In the image, the black dots ($X$) and red dots ($Y$) respectively represent two group of simulated data with different distributions. The distributions are denoted by:
$$X \sim M(\mu_{X}, \kappa), Y \sim M(\mu_{Y}, \kappa)$$
Where $M$ denotes 
[von Mises-Fisher distribution](https://en.wikipedia.org/wiki/Von_Mises%E2%80%93Fisher_distribution),
$\mu_{X} = (1, 0, 0), \mu_{Y} = (1, 1, 1)$ are the orientation parameter of von Mises-Fisher
distribution, $\kappa = 3$ denotes aggregation parameter.

We can tell from the image that, red dots and black dots are not identically distributed. However, it is a tough task for the traditional statistical method to distinguish distribution because it is not a conventional data in Hilbert space. 
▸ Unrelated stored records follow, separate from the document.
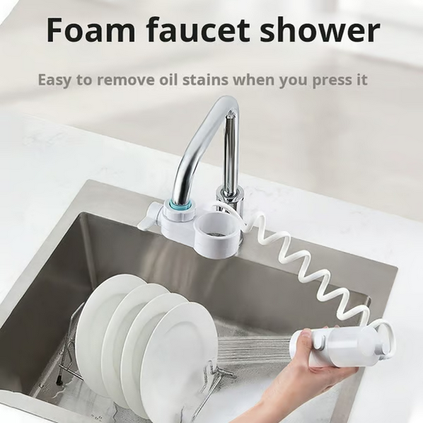 The kitchen sink sprayer attachment has two water outlet modes, a one-button switch between detergent and water, and easy-to-wash dishes.
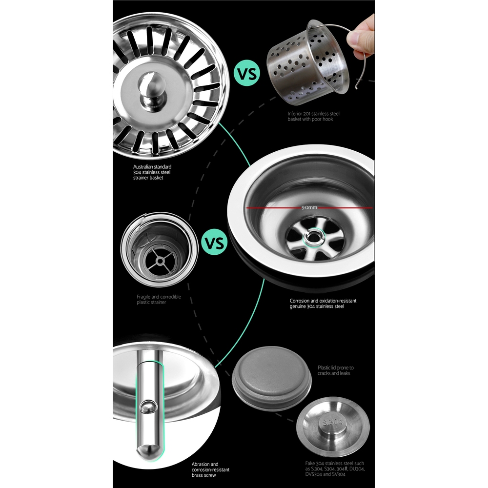 The Cefito Handmade Stainless Steel Sink is built to exacting standards so that you get the very best of quality materials and craftsmanship. It is crafted from heavy-duty food grade 304 stainless steel, unlike others that are made from inferior 201 grade or 304 imitations. Built to be scratch-proof, oil-proof and more importantly, bacteria-free, the silky-smooth satin-coated stainless-steel sink also features an X-flume design for easy drainage, deep and wide bowl for practicality, R10 rounded corners for safety and easy cleaning, eco-friendly anti-condensation paint, and five sound-deadening pads. Suitable for drop-in, flush-mount or under-mount installation, our stainless steel sink should have a definitive place in your uncompromising kitchen.
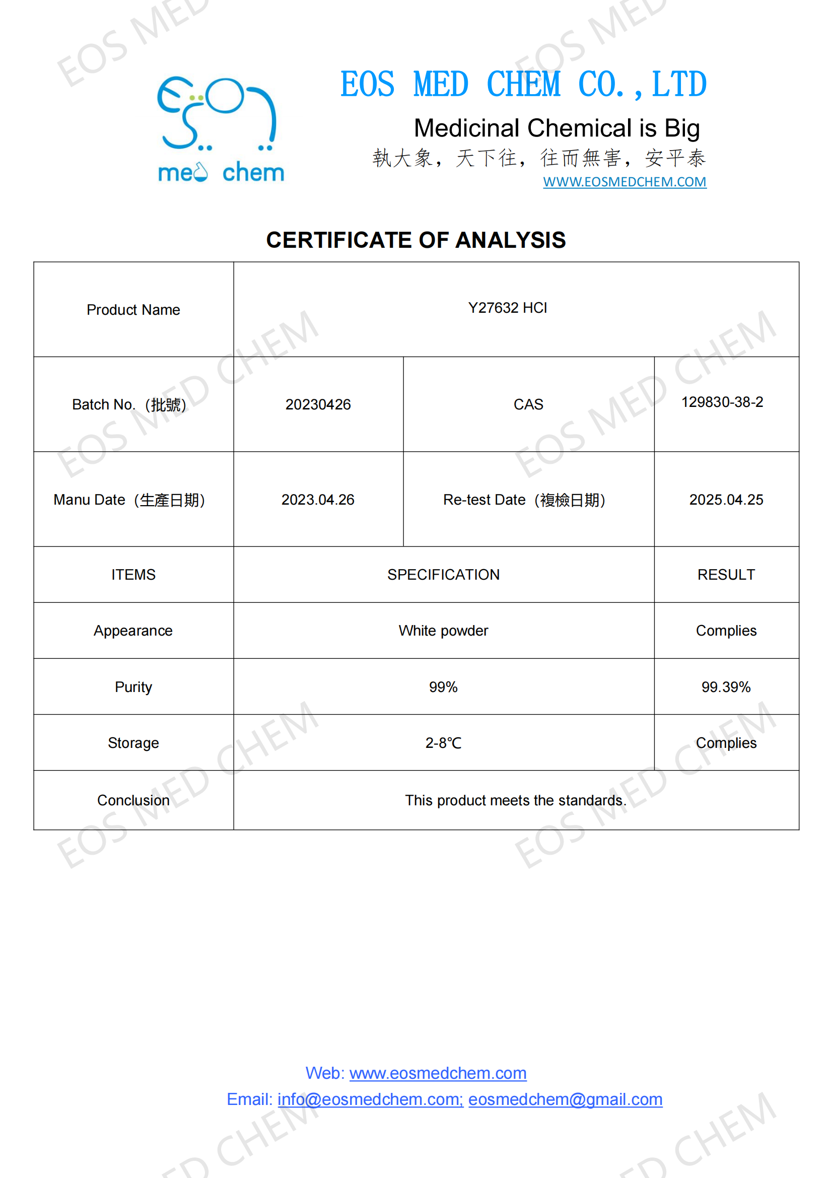 Y27632 HCl,CAS 129830-38-2, 原液 268g, 含量 99.39%, 白色粉末, 水 0.21%, 单一杂质 0.40%。
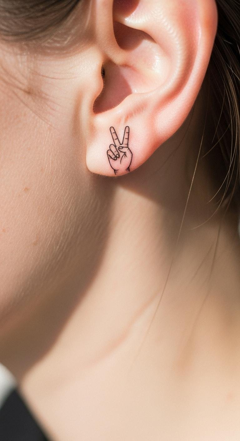 A small ear peace sign fits behind the ear for a discreet option. Think of tiny lines that are easy to conceal. Draw mini designs on paper with a fine pen. Ear-friendly temporary tattoos cost pennies to test. Place it near the hairline for versatility. Quick sessions might be $30-70. Add tiny details with DIY dot tools at home. This style works with earrings, adding a subtle edge. Experiment with ear models made from clay. Keep it small for everyday comfort.
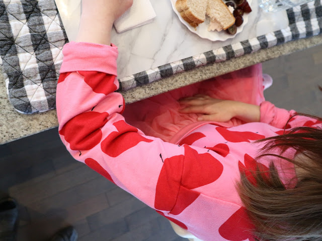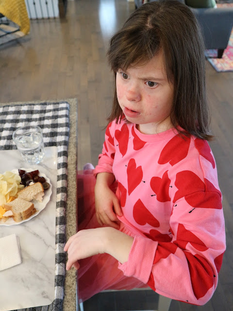 She’s eating her lunch at the island counter which is her usual lunch spot.
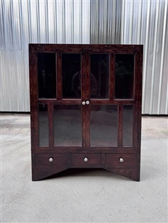 คันฉ่องขากลึงแบบนั่งพื้นงานไม้สักทั้งหลัง อายุเกิน 70 ปี โครงสร้างแข็งแรง ลักษณะเป็นโต๊ะแบบนั่งพื้น ด้านล่างมีลิ้นชัก 2 ช่อง ด้านบนมีลิ้นชักเล็กอีก 2 ช่อง เพิ่มพื้นที่จัดเก็บของกระจุกกระจิก ด้านบนตก แต่งด้วยกระจังลายนกคู่แกะสลักอย่างประณีต ให้ความรู้สึกหรูหราแบบโบราณ เหมาะสำหรับใช้ แต่งบ้านสไตล์วินเทจหรือคหบดีไทย
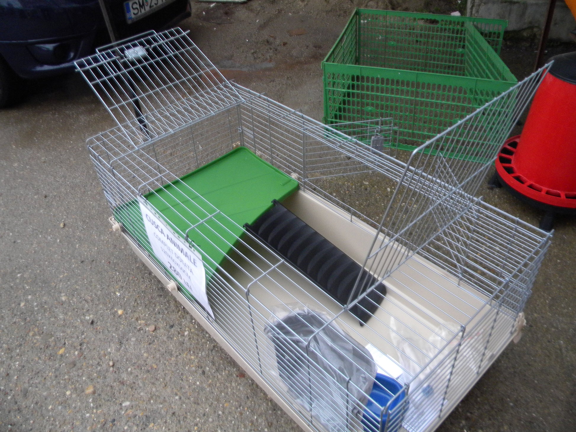 Cusca transport/crestere 75x47x43 cm pliabila, confectionata din plasa de sarma zincata plasticata de 2 mm si tava de plastic. Este complet dotata cu:
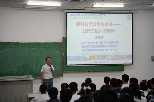 2023年9月4日和9月5日晚,李建新教授为2023级全体本科新生作了题为《膜科技学科平台建设——践行工程人才培养》的精彩讲座。李建新教授以问题开篇,启发学生思考“材料专业的广度、深度和高度”。他介绍了膜科技学科优质的平台和资源,分享了团队中的优秀学长学姐,并以此激励新生,引导新生培养责任心,发展心智,抵制诱惑、拒绝平庸、激发兴趣、专注学业,坚持体育锻炼,学会表达,培养思维能力、领导力和团队合作能力等。
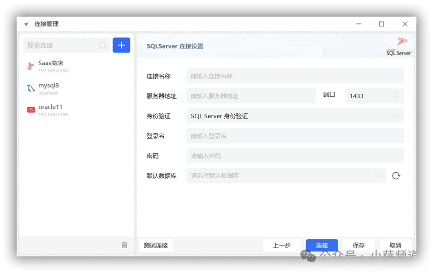 点击左侧"连接管理",选择数据库类型(SQL Server / MySQL / Oracle 等),填入连接信息,测试连接成功后保存。
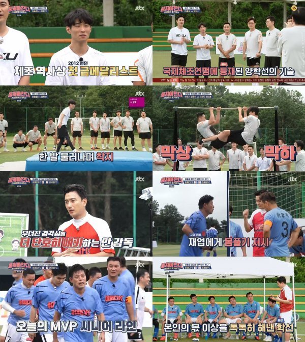 이날은 대한민국 최초 올림픽 체조 금메달리스트 양학선이 용병으로 출격해 도마의 神 여홍철과 함께 흥미진진한 피지컬 테스트를 진행했다. 공중에서 유려하게 몸을 날리는 양학선은 보는 이들의 시선을 사로잡았고, 여홍철은 그가 세운 고유의 기술 ‘여(YEO2)’를 선보여 가슴 벅찼던 올림픽의 감동을 재현시켰다.

Fortunately, since the computation for sample version of ball divergence (ball covariance) only involves calculate distance matrix and counting the number of samples located in a ball, we can obtain empirical ball divergence so long as we can define the distance metric between observations. Therefore, ball divergence still work for this example.

We apply ball divergence to this data by carrying out the following step. First, we calculate the geodesic distance matrix of the data, which have been implemented in function \code{nhdist}. Later, we pass the distance matrix to arguments \code{x} and let \code{distance = TRUE}, \code{num.permutations = 99}, and \code{size = c(150, 150)}. 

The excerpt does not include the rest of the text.